> _Collected data entries_

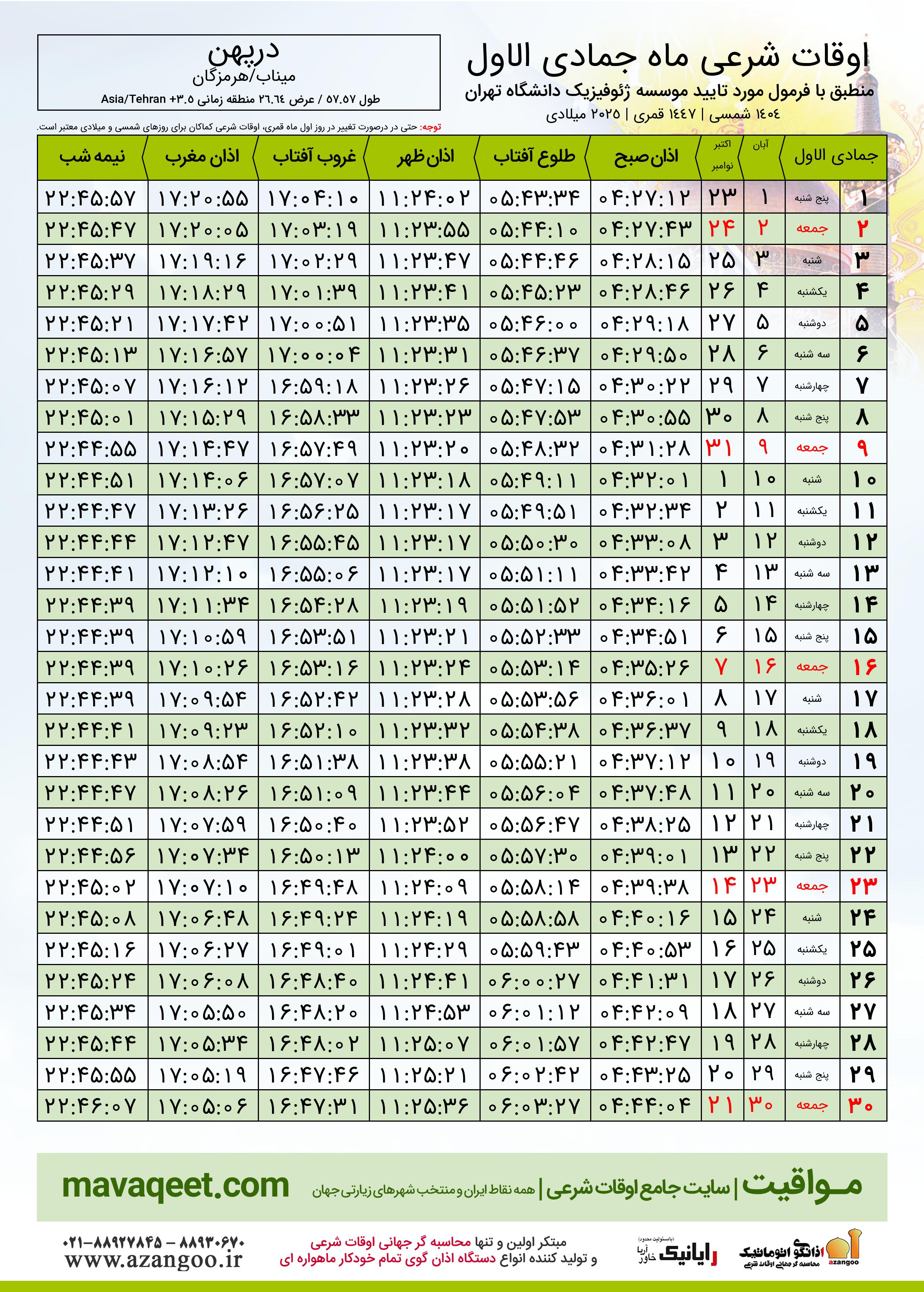 اوقات شرعی ماه جمادی الاول ١٤٤٧ هـ.ق شهر درپهن بر
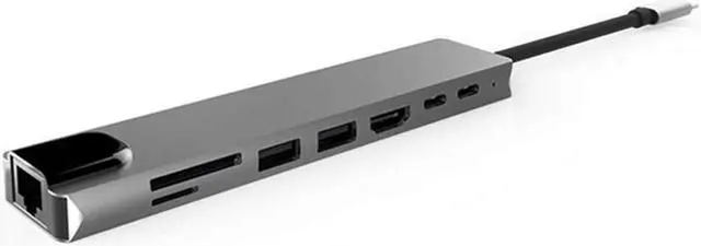 8 in 1 USB-C HUB 4K/30HZ: 1 x HDMI+2 x USB+1 x PD+1 x USB C+1 x +1 x TF+1 x RJ45
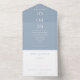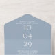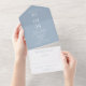 Un élégant minimaliste bleu poussiéreux tout en un faire-part de mariage avec vos détails de date et de mariage spéciaux dans la typographie classique et chic. L'invitation comprend une carte RSVP perforée qui peut être adressée individuellement ou laissée en blanc pour que vous puissiez écrire à la main les coordonnées de votre invité. Conçu par Thisisnotme©
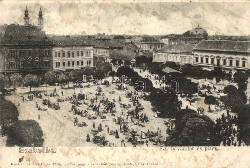 Szabadka, Subotica; Szent István tér és piac / market square (fl) https://www.darabanth.com/hu/322-Gyorsarveres/322.0/Kepeslapok/Vajdasag~2000011/Szabadka-Subotica-Szent-Istvan-ter-es-piac-market-square-fl~II1630319
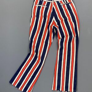 *AS-IS* KILLER! 1960S-70S PERM-PRESS RED WHITE & BLUE VERTICAL STRIPED FLARED PANTS
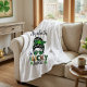 Das ist eine witzige Fleecedecke zum St. Patrick's Day mit einem Design, in dem eine Frau mit ihren Haaren in einem Brötchen mit Sonnenbrille und den Worten "One Lucky Lassie" dargestellt wird. Der Name auf der Tote-Tasche ist individuell einstellbar und würde ein personalisiertes Geschenk machen.
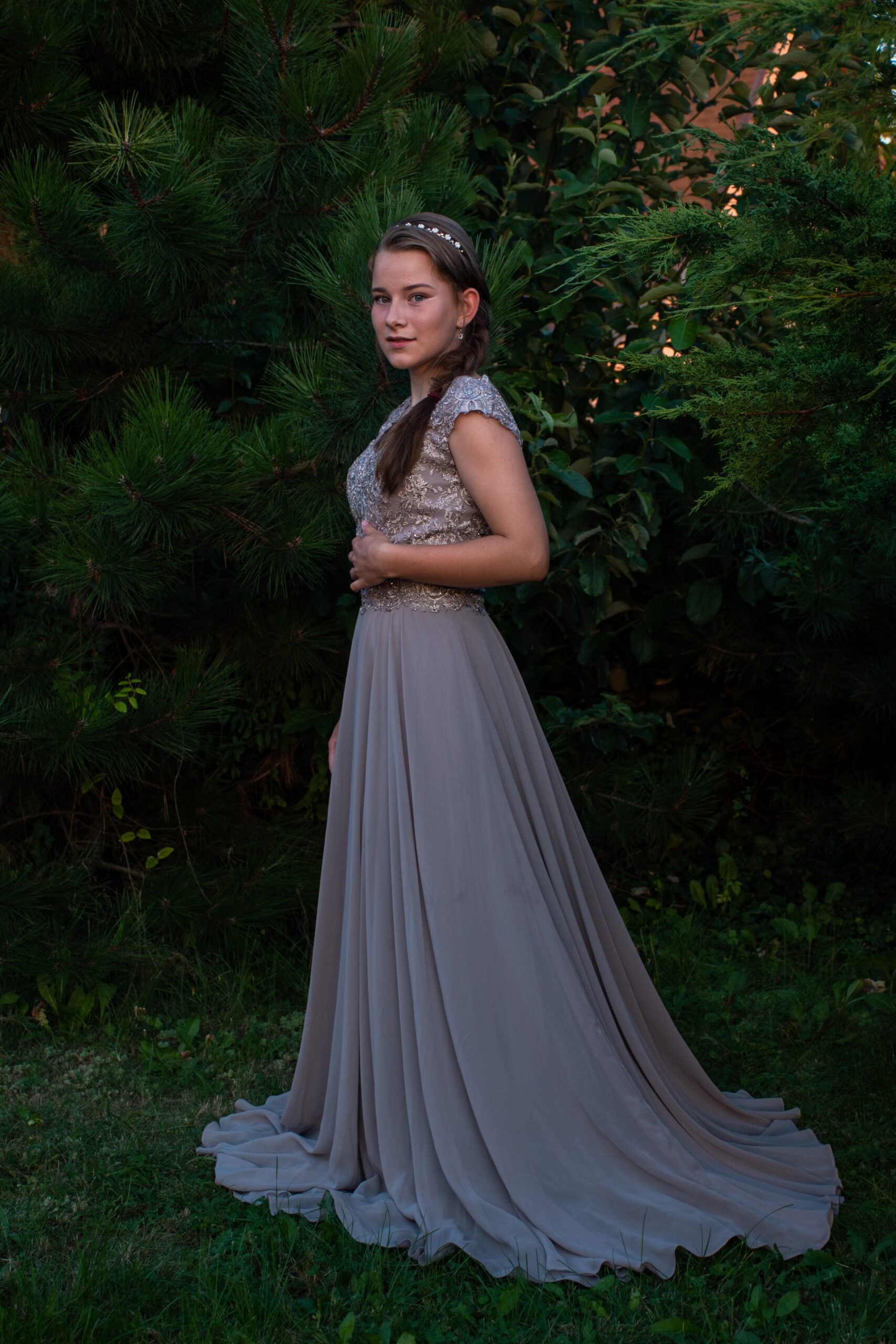 Dlohé šedé šaty s vlečkou.
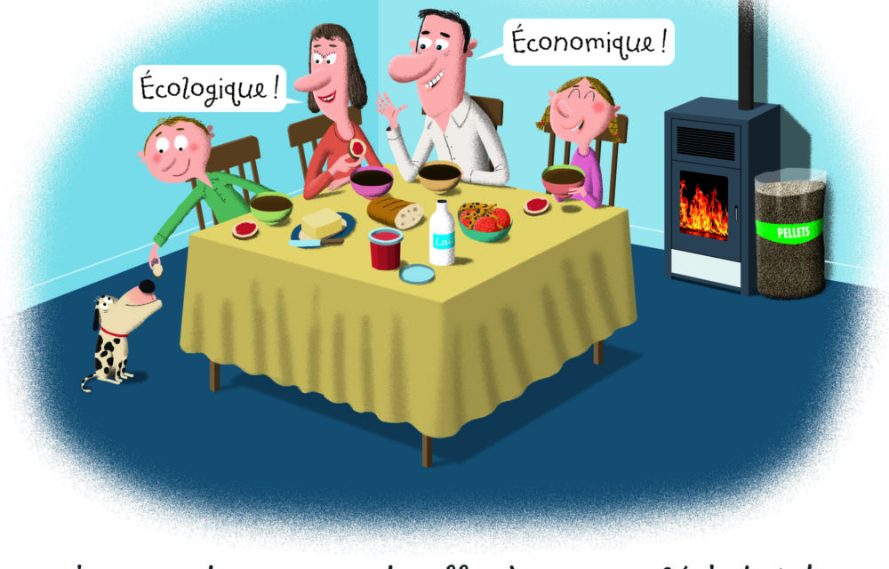 3 illustrations réalisées par Pronto sont déclinés dans une campagne qui montrent la satisfaction des utilisateurs du chauffage au granulé de bois.
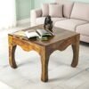 Ikiriya Lyon Sheesham Wood Contemporary Square Coffee Table in Teak Finish
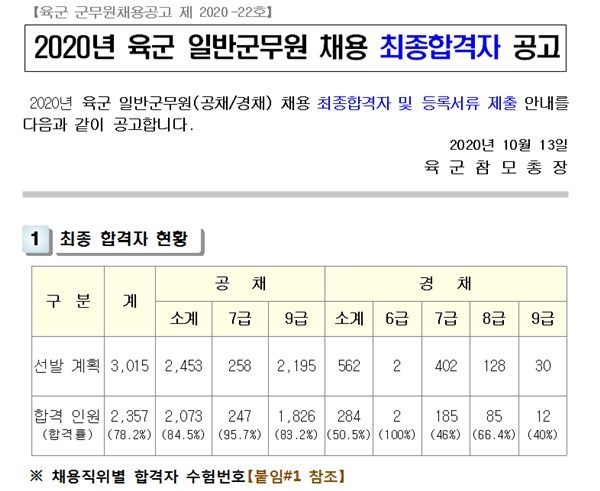 13일 '육군 군무원 채용관리' 홈페이지에서는 '2020년 육군 일반군무원 채용 최종합격자 공고'가 발표됐다. 최종 합격자 현황은 총 2,357명으로 공채 2,073명, 경채 284명이다.
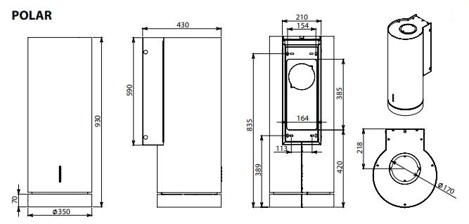 Витяжка POLAR від Falmec має ідеально циліндричну форму та простий та мінімалістичний дизайн, що робить її елегантним та інтригуючим предметом інтер'єру. Витяжка з нержавіючої сталі, пофарбована в мідний колір, оснащена освітленням та двигуном потужністю 800 м3/год.
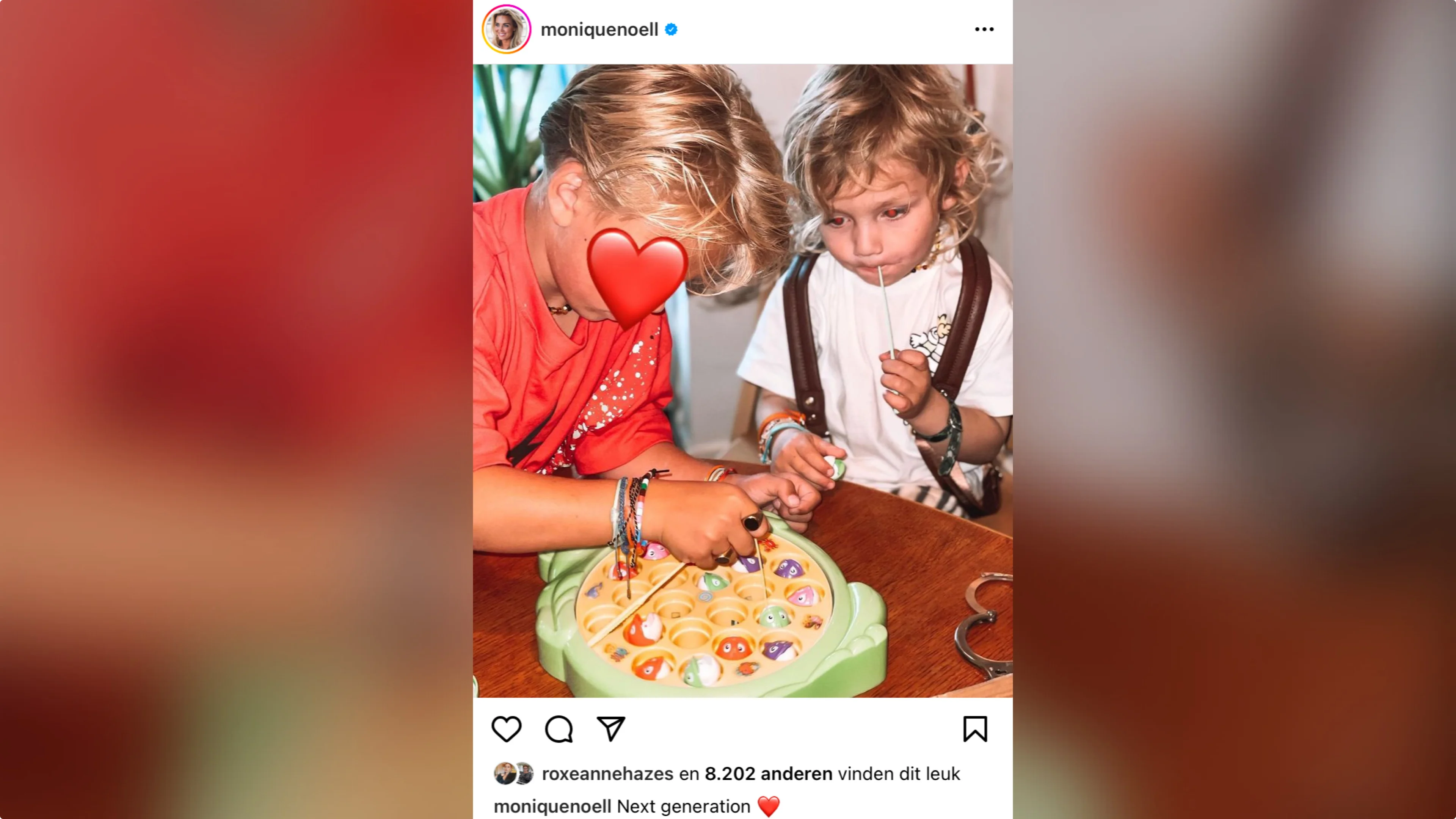 Op de foto is te zien hoe André jr. en Fender met elkaar een spelletje aan het spelen zijn. "Volgende generatie", schrijft Monique er met een hartje bij.

> _Exercise brief_
Give again, exactly, the lines starting at the first entry above and ending at the line with "8 in 1 USB-C"; please leave pictures out.

> _Exercise result_
 اوقات شرعی ماه جمادی الاول ١٤٤٧ هـ.ق شهر درپهن بر
 8 in 1 USB-C HUB 4K/30HZ: 1 x HDMI+2 x USB+1 x PD+1 x USB C+1 x +1 x TF+1 x RJ45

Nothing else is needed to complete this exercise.